An hour west of Philadelphia, the district serves a city of 81,000 struggling amid the decline of the heavy industry that long powered its economy. About 85 percent of its students live in poverty. Two-thirds are Hispanic, many the children of parents who see Reading as more affordable than a larger city.
Detailed Assessment
The district’s relationship with the distinguished-educator program began with an assessment. Six DEs—two of whom would later be on Reading’s ongoing team of six consultants—spent a week last fall observing instruction, reviewing data, and interviewing staff members, students, and parents.
The reviewers lauded the district for starting to use data to make instructional decisions, but noted a need for a new data-management system. They liked the variety of teaching methods they saw, but proposed more alignment across the district in what gets taught.
“They have a lot of work to do, but they’re moving forward,” Stanley Landis, one of the distinguished educators on the team assigned to the district after the assessment, says of Reading’s school leaders.
Reading’s six distinguished educators, each of whom has worked in education for at least 30 years, reflect a range of experience. Landis has mentored new principals; one has administered special education programs; and other members have led the restructuring of middle and high schools.
Reading has been able to exploit the variety of skills to its advantage. For example, Butler, the high school principal, has relied heavily on Landis to help organize the work of his school’s other leaders. One result was a recent retreat for the school’s vice principals.

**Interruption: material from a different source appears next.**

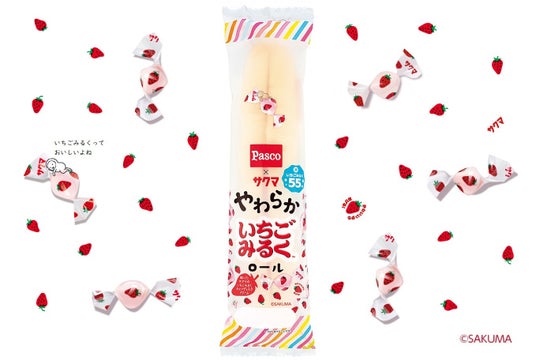 ふんわりやわらかい白焼きのパン生地で、「いちごみるく」を砕いたキャンディ入りクリームをはさんでいます。キャンディが溶けにくいようクリームの配合を工夫しているため、“シャリシャリ”とした食感と「いちごみるく」の味わいをしっかりと感じられます。パッケージでは、「いちごみるく」の袋をイメージしたカラフルなデザインを採用しました。おいしく・たのしく・かわいく仕上げた「やわらかいちごみるくロール」を、是非お楽しみください。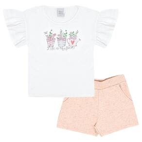 Meninas charmosas e fashionistas amam lookinhos Pulla Bulla! Composto por uma blusa meia malha na cor branca com estampa de flores com strass e escrita "vida são flores" e short em moletom linho na cor rosa pó com bolsos laterais funcionais e elastano na cintura para maior conforto ao usar a peça! Versátil para todas as ocasiões do dia a dia.

Meanwhile, Distinguished Educator LouAnn Miller has helped Butler implement a state high school improvement program she had put in place in her own district. That help included arranging a visit for Reading High staff members to see the program in action in a nearby school system.
The distinguished educators also arranged for all of the Reading district’s principals to undergo training by the National Institute for School Leadership, whose course of study—designed by the National Center on Education and the Economy, in Washington—teaches skills like team-building and progress-monitoring. Distinguished Educator Michael Gibbs says much of their aim is to raise expectations for what’s possible.
“It’s getting them to that point where they truly do believe that all children can learn,” says Gibbs, who advised the adoption of new literacy programs for English-language learners at a Reading middle school. “Our task has to be to have them have experiences that allow them to come to that belief.”
At the district level, Reading administrators have sought advice from the team on how to roll out new initiatives. Last year, the district unveiled a multiyear, $135 million building plan to accommodate new theme-based magnet schools and the breakup of Reading High into two buildings, among other goals.
Superintendent Chapman credits the distinguished-educator program with improving relations with the state. Two years ago, under a different superintendent, Reading sued the state, alleging it was not providing adequate resources to meet NCLB expectations. The suit hasn’t been dropped, but Chapman downplays it.
Providing for the distinguished educators poses challenges. Paying for the first cohort cost $2.8 million. Baughn, the program’s director, says it was hard to find enough people who had been successful leaders in the kinds of districts where they’d be placed.
But Zahorchak, the state schools chief, says the program is worth the effort: “Too often, states have only put out the standards and then said ‘good luck’ to everyone, and then they wonder why nothing is working.”